[DATA]

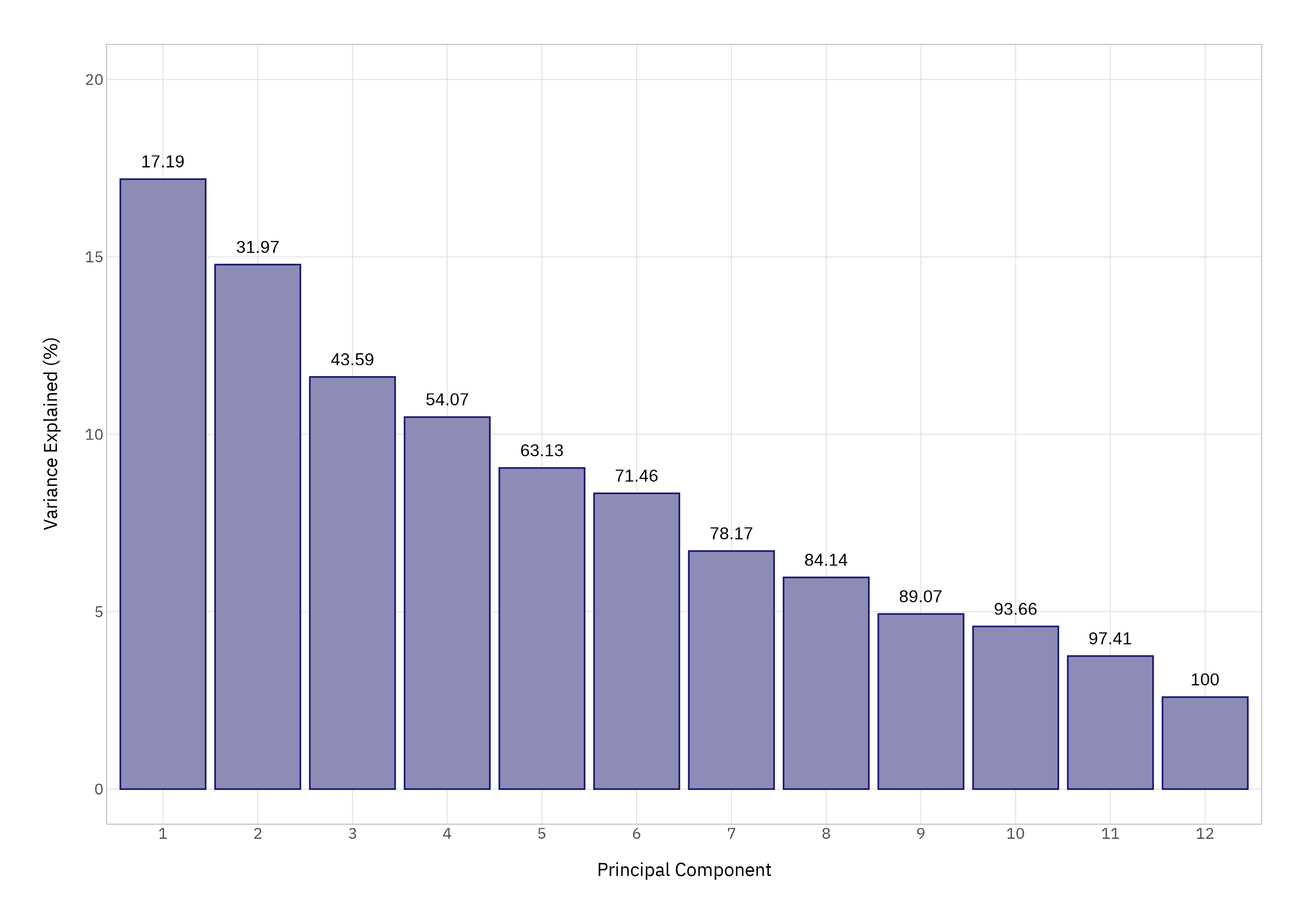 A quick scree plot - because we can make a quick scree plot - confirms that the first four components capture just over half the variance.
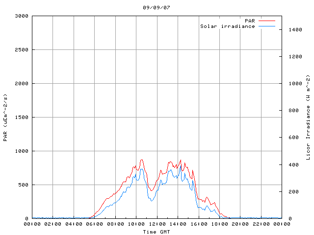 The PML meteorological station, situated on the south-west corner of the building roof, consists of a Hygroclip S3 temperature and humidity sensor housed in a radiation shield, a Mierij Meteo solid state wind sensor (MMW-005), a Chelsea instruments half-hemisphere PAR sensor, a Li-Cor pyranometer (LI-200SZ) and an Omni Instruments 6" tipping bucket raingauge (RG200). The data are logged every 5 minutes using a Pace Scientific XR5 data logger. The real-time rainfall data is likely in error - the correct values will be displayed after a time lag of approximately 24 hours. The meteorological station is sheltered from winds in the north-east and underestimates winds from this quarter. To use these data please contact Dr Tim Smyth.
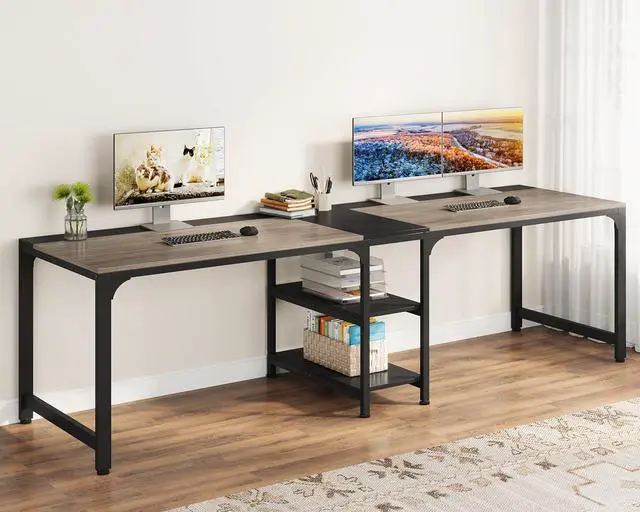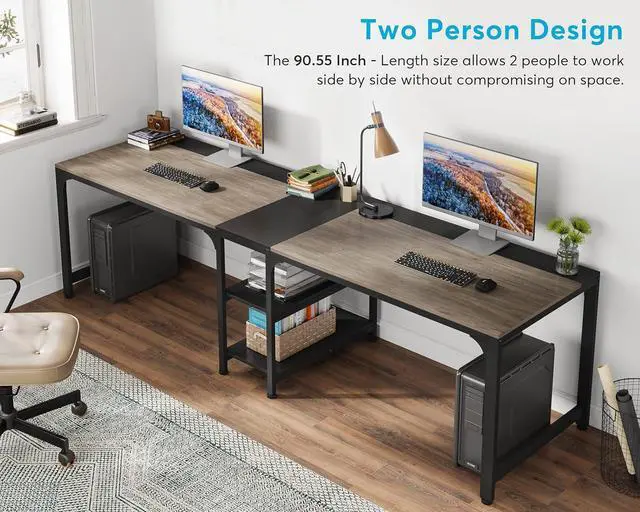 Large Storage: The double computer desk combines charming style and functional design, 90.55 ' ' x 27.56 ' ' tabletop provides the room you need for office essentials like your laptop, stacks of folders, and notepads. Attached with 2-tier storage shelves to put your printer, books, files, plants, and office supplies. Defining your space whatever you need.

[/DATA]

» EXERCISE PROMPT
Give exactly those lines of the listing that run from its first line through the line with "The PML meteorological", leaving each picture out.

» SOLUTION TO THE PROBLEM
 A quick scree plot - because we can make a quick scree plot - confirms that the first four components capture just over half the variance.
 The PML meteorological station, situated on the south-west corner of the building roof, consists of a Hygroclip S3 temperature and humidity sensor housed in a radiation shield, a Mierij Meteo solid state wind sensor (MMW-005), a Chelsea instruments half-hemisphere PAR sensor, a Li-Cor pyranometer (LI-200SZ) and an Omni Instruments 6" tipping bucket raingauge (RG200). The data are logged every 5 minutes using a Pace Scientific XR5 data logger. The real-time rainfall data is likely in error - the correct values will be displayed after a time lag of approximately 24 hours. The meteorological station is sheltered from winds in the north-east and underestimates winds from this quarter. To use these data please contact Dr Tim Smyth.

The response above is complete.